The basic structures for showing data are the sentence, the table, and the graphic:
- The conventional sentence is a poor way to show more than two numbers because it prevents comparisons within the data.
- Tables are preferable to graphics for many small data sets.
- A table is nearly always better than a dumb pie chart; the only worse design than a pie chart is several of them.
- Given their low data-density and failure to order numbers along a visual dimension, pie charts should never be used.
- Tables also work well when the data presentation requires many localized comparisons.
- One supertable is far better than a hundred little bar charts.
- For sets of highly labeled numbers, a wordy data graphic – coming close to straight text – works well. p180
- The principle of data/text integration is: Data graphics are paragraphs about data and should be treated as such.
- Write little messages on the plotting field, label outliers and interesting data points, integrate the caption and legend.
- Use the same typeface for text and graphic.
- Avoid ruled lines that separate different types of information.

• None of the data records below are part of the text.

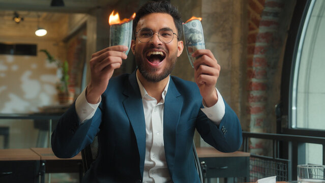 Happy male Arabian Indian business man crazy mad laughing guy joyful excited businessman office investor rejoicing fooling burn money dollars waste finance cash salary enjoy burning banknotes have fun
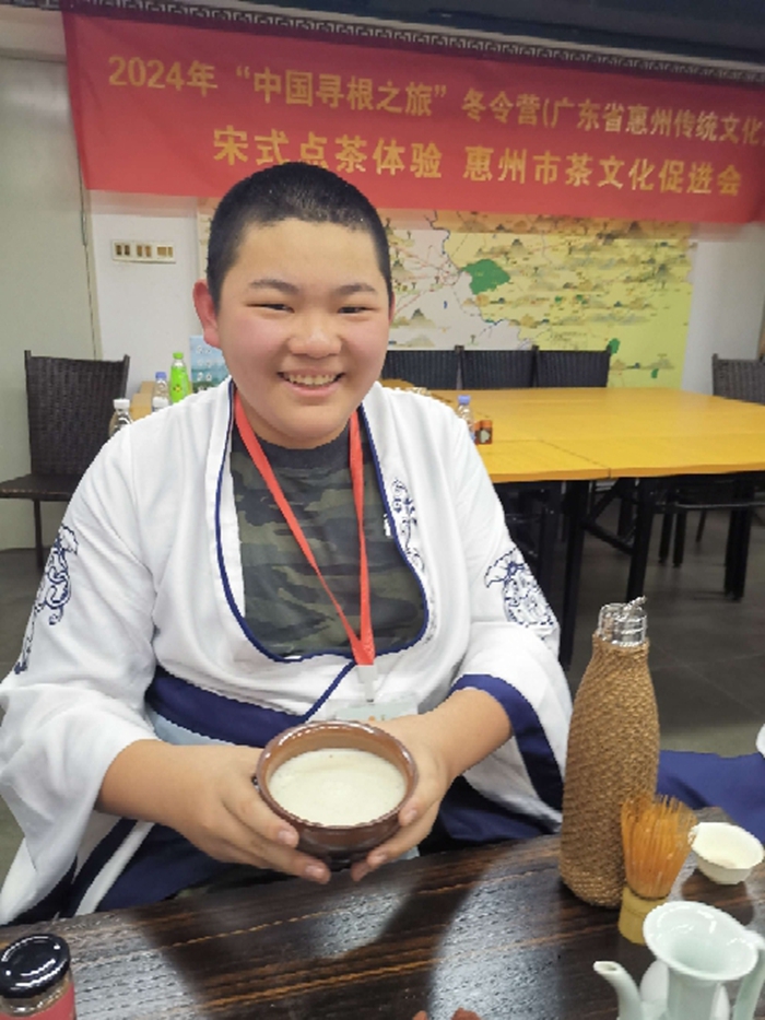 2月26日下午1時(shí),惠州市優(yōu)茶集茶葉審評(píng)中心,來了一群身著漢服的學(xué)生。他們是2024年“中國尋根之旅”冬令營(廣東省惠州傳統(tǒng)文化營)的學(xué)生,都是來自馬來西亞。在高級(jí)點(diǎn)茶師的指導(dǎo)下,他們了解中國茶和宋式點(diǎn)茶的歷史,品嘗點(diǎn)茶,并且親身體驗(yàn)了一番宋式點(diǎn)茶。
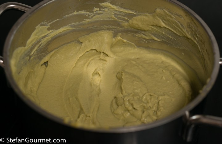 Blend the romanesco and curry paste with the cream until very smooth. If you don’t have a strong blender like a Vitamix, you could use a foodmill to make the romanesco mousse more smooth, or push it through a sieve. Taste and add salt or more curry paste as needed (cook the curry paste in oil as before).
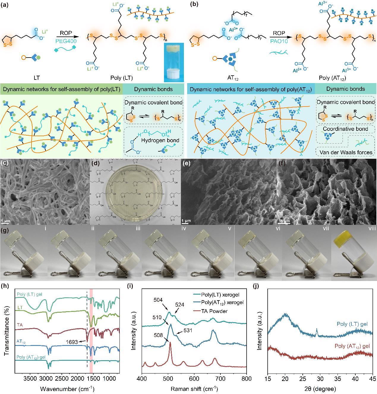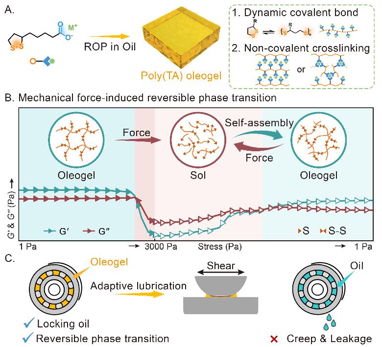 針對傳統(tǒng)潤滑油脂在新型高端裝備應(yīng)用中面臨爬移、泄漏、粘滯阻力高等難以應(yīng)對復(fù)雜多變工況的問題。近日,中國科學(xué)院蘭州化學(xué)物理研究所潤滑材料全國重點實驗室材料表面與界面研究組通過構(gòu)筑具有機械力響應(yīng)特性的動態(tài)共價網(wǎng)絡(luò),開發(fā)了一類具有力誘導(dǎo)可逆相轉(zhuǎn)變能力的自適應(yīng)油凝膠潤滑材料(PTA油凝膠)。PTA油凝膠可適應(yīng)設(shè)備啟停,在溶膠或凝膠狀態(tài)保持和迅速轉(zhuǎn)換,且具有出色的潤滑穩(wěn)定性、適應(yīng)不斷變化的運動工況。
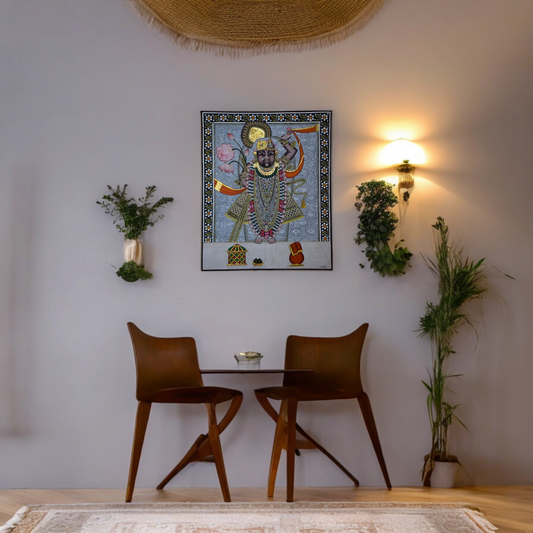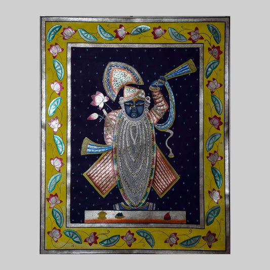 Pichwai art (also known as pichhavai, pichhvai, pechhavai etc) is a traditional form of painting that originated in Nathdwara, Rajasthan. These paintings are typically used as decorative backdrops in Hindu temples, particularly those dedicated to Lord Shrinathji or Krishna. Pichwai literally means ‘that which hangs from the back’ and comes from the Sanskrit words ‘Pich – back and Wais- hanging. Other than its artistic appeal, it is created with the intention to narrate the tales of Krishna to its devotees.
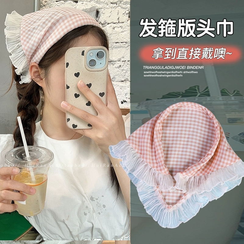عصابة رأس من الدانتيل الأبيض، وشاح على الطراز الرعوي الفرنسي قطعة واحدة، وشاح مثلث بنفس النمط، وشاح مربع لإكسسوارات الشعر النسائية

Friendly vs unfriendly graphics
- See table on p183
- Lines in data should be thin
- An effective aesthetic device is the orthogonal intersection of lines of different weights.
- E.g. time-series with heavier horizontal as the data measure.
- Graphics should tend toward the horizontal, greater in length than height.
- Assists left-to-right labeling.
- Assists emphasis on causal influence.
- Use golden rectangle or other well known proportions.
- +- 50% wider than tall